É importante deixar claro que, apesar do crescente interesse na produção de cacau especial diferenciado, o mercado de commodities continua a ser o principal foco do cacau no Brasil, e na Bahia não é diferente. A ênfase ainda está na produção em larga escala, combinando volume e qualidade, mas com um compromisso contínuo com a conservação ambiental. Vale ressaltar que cerca de 97% de todo processamento de cacau do Brasil é feito nas moageiras aqui da Bahia, concentradas principalmente na região de Ilhéus. A produção de cacau especial diferenciado representa menos de 5% do total, demonstrando que a grande maioria, ou seja, 95%, destina-se ao mercado de commodities. Neste momento, vivemos uma fase excepcional no mercado de commodities, com os preços atingindo níveis históricos, os mais altos desde 1977. Precisamos sim, reconhecer a existência e a importância do mercado de cacau de qualidade, embora seja necessário destacar que o mercado de commodities continua sendo o principal na Bahia.

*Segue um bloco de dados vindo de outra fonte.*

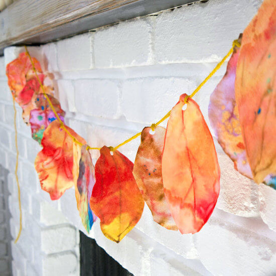 А вот эта гирлянда – наша любимая! Нужно только собрать листьев и аккуратно нанизать на нитку. Если сделать гирлянду длинной, то она будет долго украшать класс и радовать его обитателей.
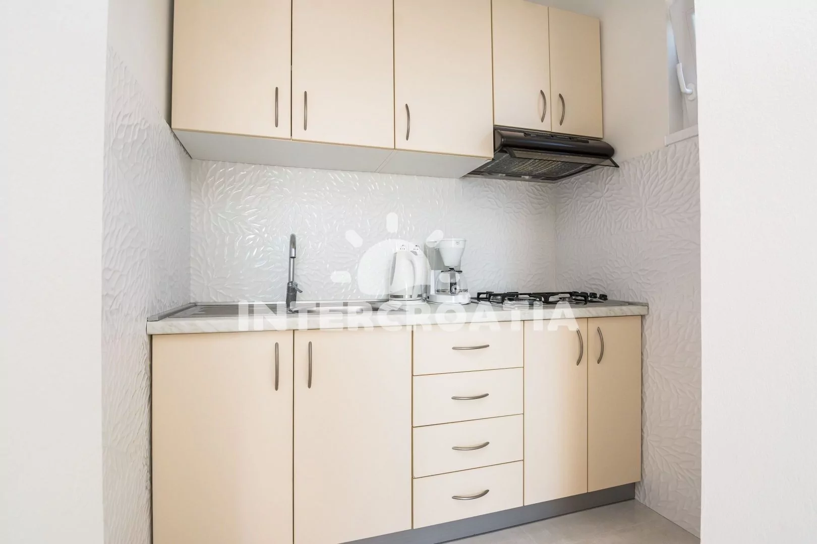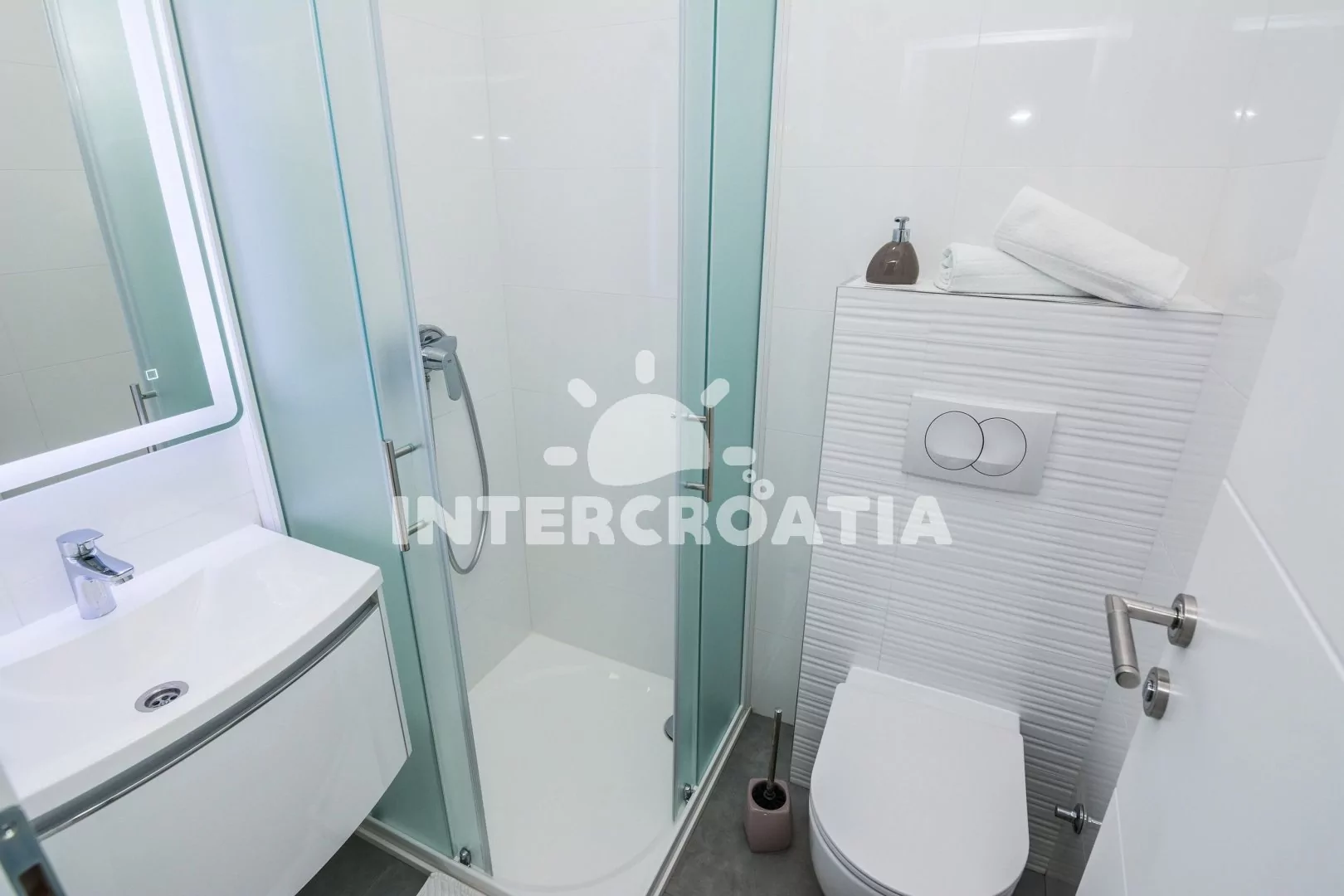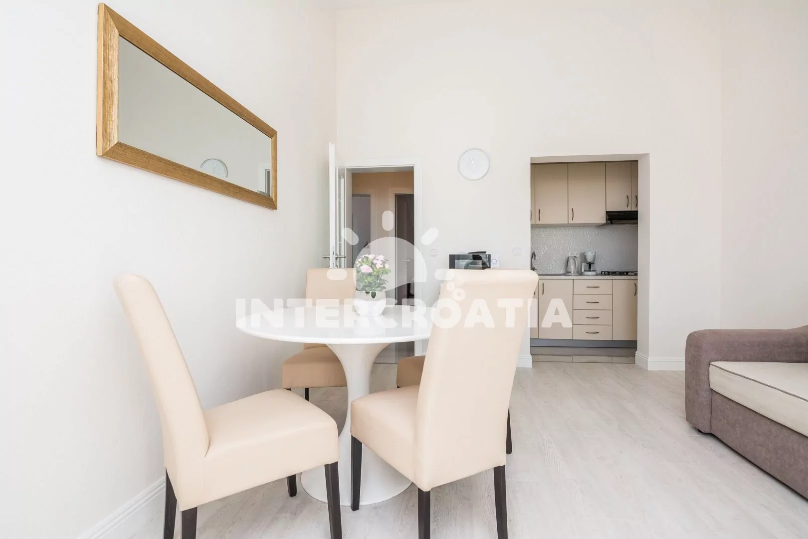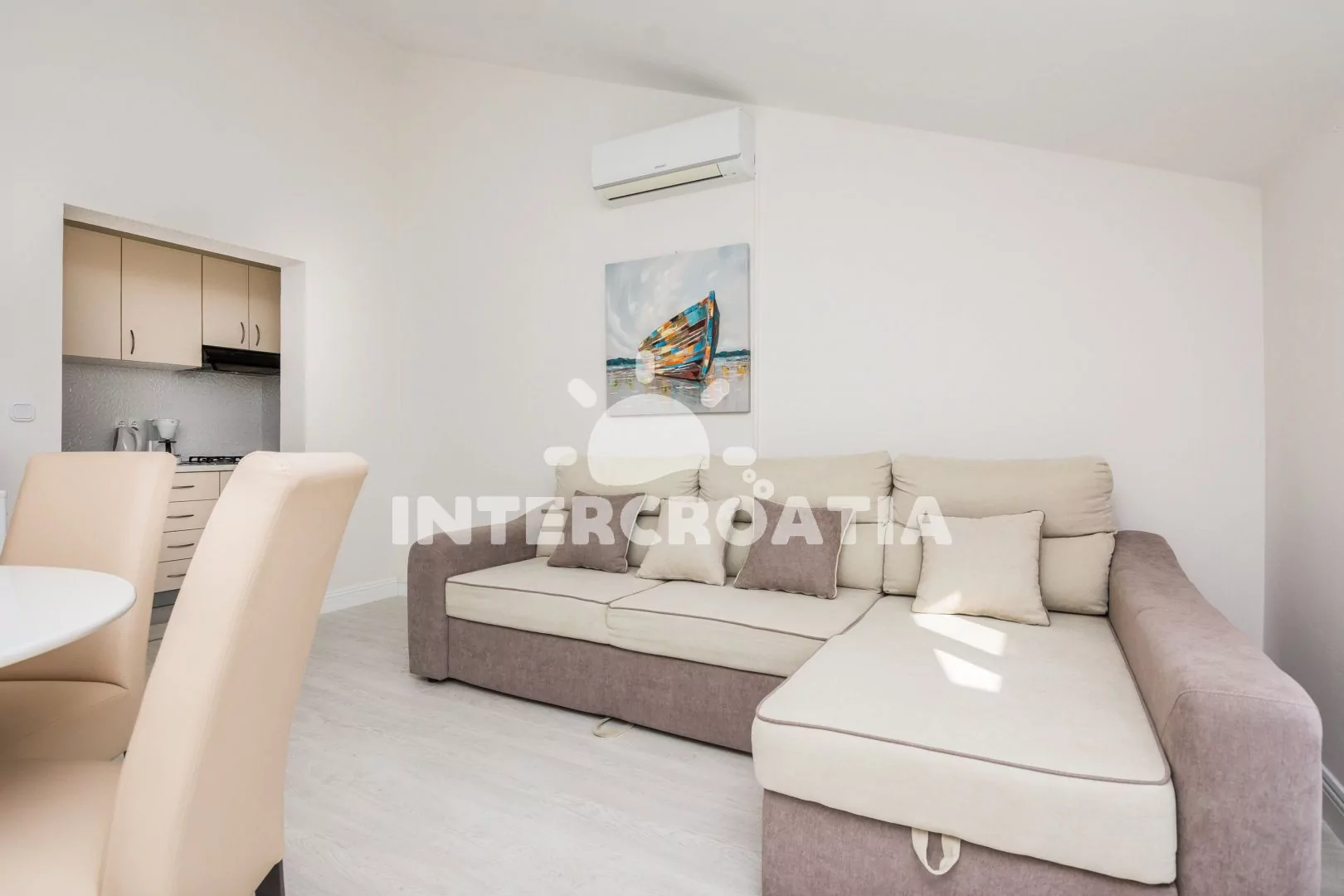 Vkusně zařízený podkrovní apartmán s terasou a výhledem na moře je vhodný pro 2 až 4 osoby. Obývací pokoj je spojený s kuchyní. Kuchyňská linka je vybavena varnou deskou, digestoří, mikrovlnnou…

Qual o modelo de negócio e produção que hoje impera no Sul da Bahia, quem dita o preço do mercado local? A maioria dos produtores vende mesmo para grandes moageiras?

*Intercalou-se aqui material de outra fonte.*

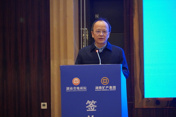 談文勝指出,地質(zhì)與礦業(yè)相互依存、共生共榮,此次簽訂的三個(gè)協(xié)議是雙方優(yōu)勢互補(bǔ)、互利共贏的重要舉措。通過優(yōu)勢資產(chǎn)和優(yōu)質(zhì)礦權(quán)的劃轉(zhuǎn)及雙方的緊密合作,將極大整合資源,實(shí)現(xiàn)戰(zhàn)略礦產(chǎn)的增儲(chǔ)上產(chǎn),并將釋放協(xié)同效能,共同推動(dòng)湖南礦業(yè)高質(zhì)量發(fā)展。對于深化雙方合作,他提出三點(diǎn)倡議:一是把握機(jī)遇求共進(jìn),利用各自優(yōu)勢,深化合作,服務(wù)地方經(jīng)濟(jì)社會(huì)發(fā)展;二是緊密聯(lián)動(dòng)求共融,建立有效的溝通聯(lián)動(dòng)機(jī)制,確保資源信息共享,項(xiàng)目需求對接;三是守正創(chuàng)新求共贏,持續(xù)推進(jìn)合作創(chuàng)新,為打造湖南礦業(yè)集群提供強(qiáng)勁支撐。
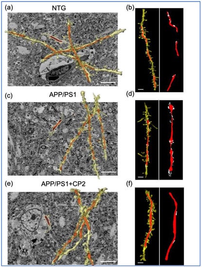 Application of SBFSEM and 3D EM reconstructions to establish changes in mitochondrial morphology and MERCS in response to CP2 treatment. Representative 3D EM reconstructions of dendrites (yellow) and mitochondria (red) in hippocampal CA1 region of NTG (a), APP/PS1 (c) and APP/PS1+CP2 (e) mice. Scale bars, 5 μm. Representative 3D EM reconstructions of dendrites (yellow), mitochondria (red), and the ER (white) in hippocampal CA1 region of NTG (b), APP/PS1 (d) and APP/PS1+CP2 (f) mice. Scale bars, 2 μm. The Reconstruct software was applied to micrographs from 20–40 serial sections 0.09 μm thick generated using SBFSEM.
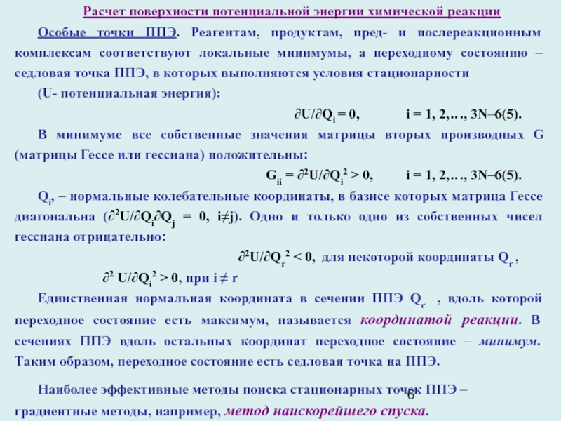 Единственная нормальная координата в сечении ППЭ Qr , вдоль которой переходное состояние есть максимум, называется координатой реакции. В сечениях ППЭ вдоль остальных координат переходное состояние – минимум. Таким образом, переходное состояние есть седловая точка на ППЭ.
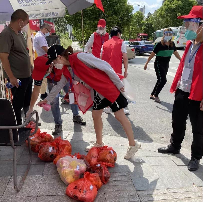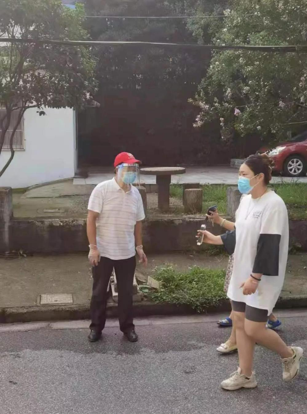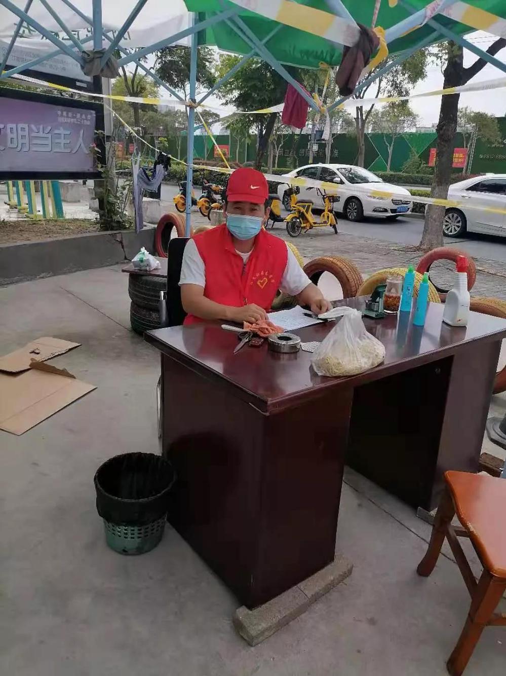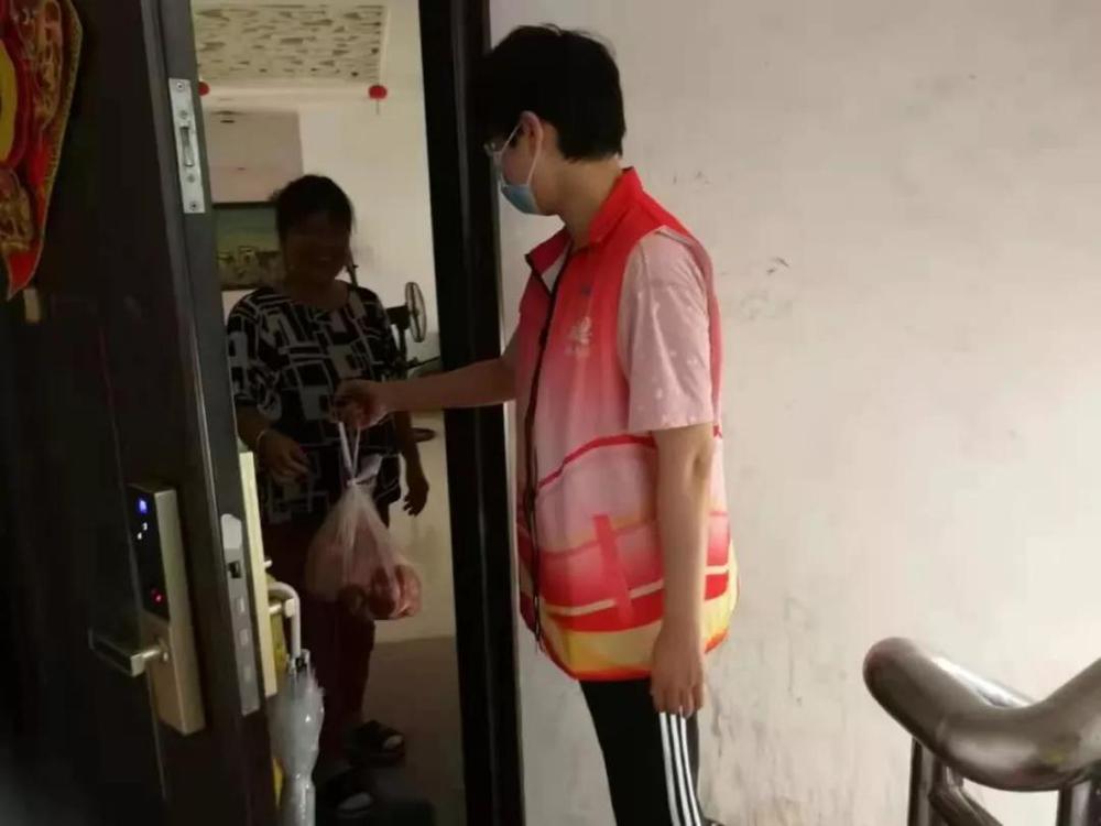 (綜合辦公室周易,在萬福社區幫助小區居民進行物資幫送,牢記時刻保持1米線安全距離)
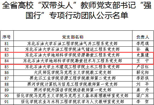 近日,教育部办公厅和省委教育工委公布了全国和省级首届高校“双带头人”教师党支部书记“强国行”专项行动(以下简称“强国行”专项行动)团队名单。太阳成城集团tyc234cc资源勘查工程系党支部书记史集建、勘查技术与工程系党支部书记王宁2名教师党支部书记成功入选省级“强国行”专项行动团队。
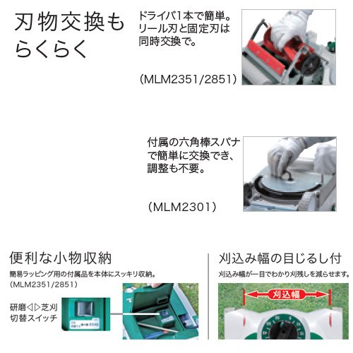 マキタ 芝刈機 MLM2851パワフル:650W 刈込み幅:280mm リール式 芝刈り機
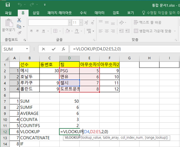 엑셀(Excel)에서 자주 쓰는 함수 정리 2편 (COUNTIFS, VLOOKUP, CONCATENATE, IF)
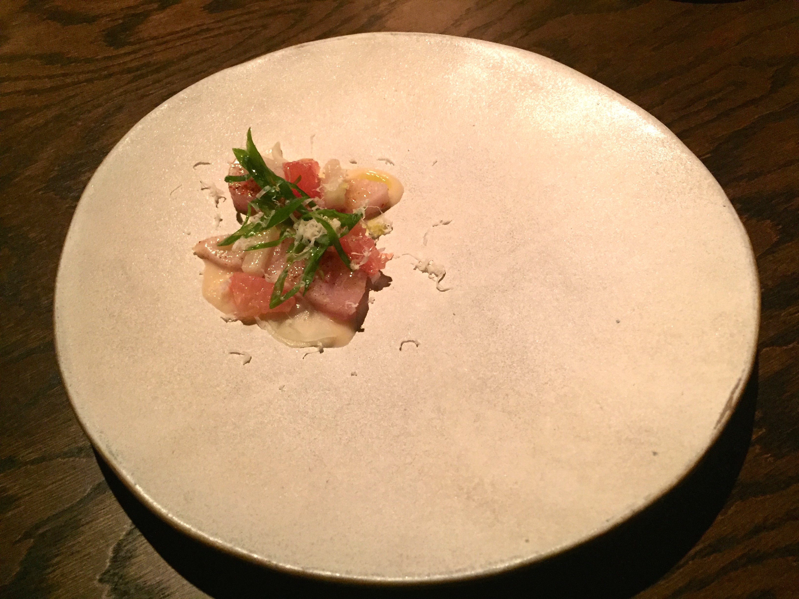 For the cold first course, I chose Boka’s marinated hamachi with grated fresh horseradish and grapefruit dashi. I like the tartness of the grapefruit, and the kohlrabi adds a nice crunch. It’s a very light dish and a refreshing way to start the meal.

O modelo predominante de negócio na cacauicultura ainda é, em grande parte, baseado em estruturas familiares. Cerca de 80% dos produtores que compõem a base produtiva são agricultores familiares, o que significa que há uma forte presença de famílias trabalhando diretamente na produção de cacau e alimentos. Por outro lado, se observa também modelos de negócio mais corporativos, ambos coexistindo de forma significativa. No entanto, é importante destacar que a maioria dos produtores ainda direciona sua produção para o mercado de commodities. Aproximadamente 95% do cacau é destinado às moageiras e indústrias processadoras, e o preço é determinado pelo mercado internacional, seguindo as leis da oferta e demanda. Esse mercado é influenciado tanto pelo consumo de chocolate quanto pelos subprodutos, como manteiga, torta e liquor, e é regulado pelas bolsas de Nova Iorque e Londres.
Que o futuro que você enxerga para o chocolate e por que ele não é mais o mesmo de antes?

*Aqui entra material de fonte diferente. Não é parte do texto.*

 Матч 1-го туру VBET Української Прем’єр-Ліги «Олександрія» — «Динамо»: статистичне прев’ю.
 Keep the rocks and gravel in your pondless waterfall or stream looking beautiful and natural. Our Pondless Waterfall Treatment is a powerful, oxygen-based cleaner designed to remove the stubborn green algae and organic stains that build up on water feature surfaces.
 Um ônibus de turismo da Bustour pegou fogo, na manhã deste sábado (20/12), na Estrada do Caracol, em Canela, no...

Primeiramente, observamos uma mudança gradual em direção ao consumo consciente e de qualidade do cacau. A exigência por produtos menos ultraprocessados, com menos aditivos, e com maior teor de cacau está se tornando uma tendência. Os consumidores buscam chocolates mais refinados, que ressaltem a essência do cacau, proporcionando uma experiência agradável sem comprometer a saúde com aditivos prejudiciais. Outro ponto de conscientização do consumidor está relacionado à origem da matéria-prima do chocolate. Há uma crescente demanda por produtos que garantam práticas sustentáveis na produção de cacau, evitando o desmatamento e promovendo impactos sociais positivos. O terceiro aspecto diz respeito à crescente preocupação com as mudanças climáticas. A possibilidade de redução das áreas de cultivo de cacau é real, o que poderia tornar o chocolate um produto cada vez mais escasso devido à falta de matéria-prima. Essa relação entre mudanças climáticas e conservação das florestas se torna uma luz amarela, destacando a importância da manutenção das lavouras para garantir o fornecimento sustentável de cacau.
QUEM É
Ricardo Gomes é engenheiro agrônomo pela Universidade Estadual de Santa Cruz (UESC), pós-graduado em Gestão Empresarial, com mestrado profissional em Desenvolvimento Sustentável e Conservação pela Biodiversidade. Além de cacauicultor da Fazenda Camacan, em Itabuna (BA), Ricardo é gerente de Desenvolvimento Territorial do Instituto Arapyaú e presidente interino da Agência de Desenvolvimento Regional do Sul da Bahia (ADR).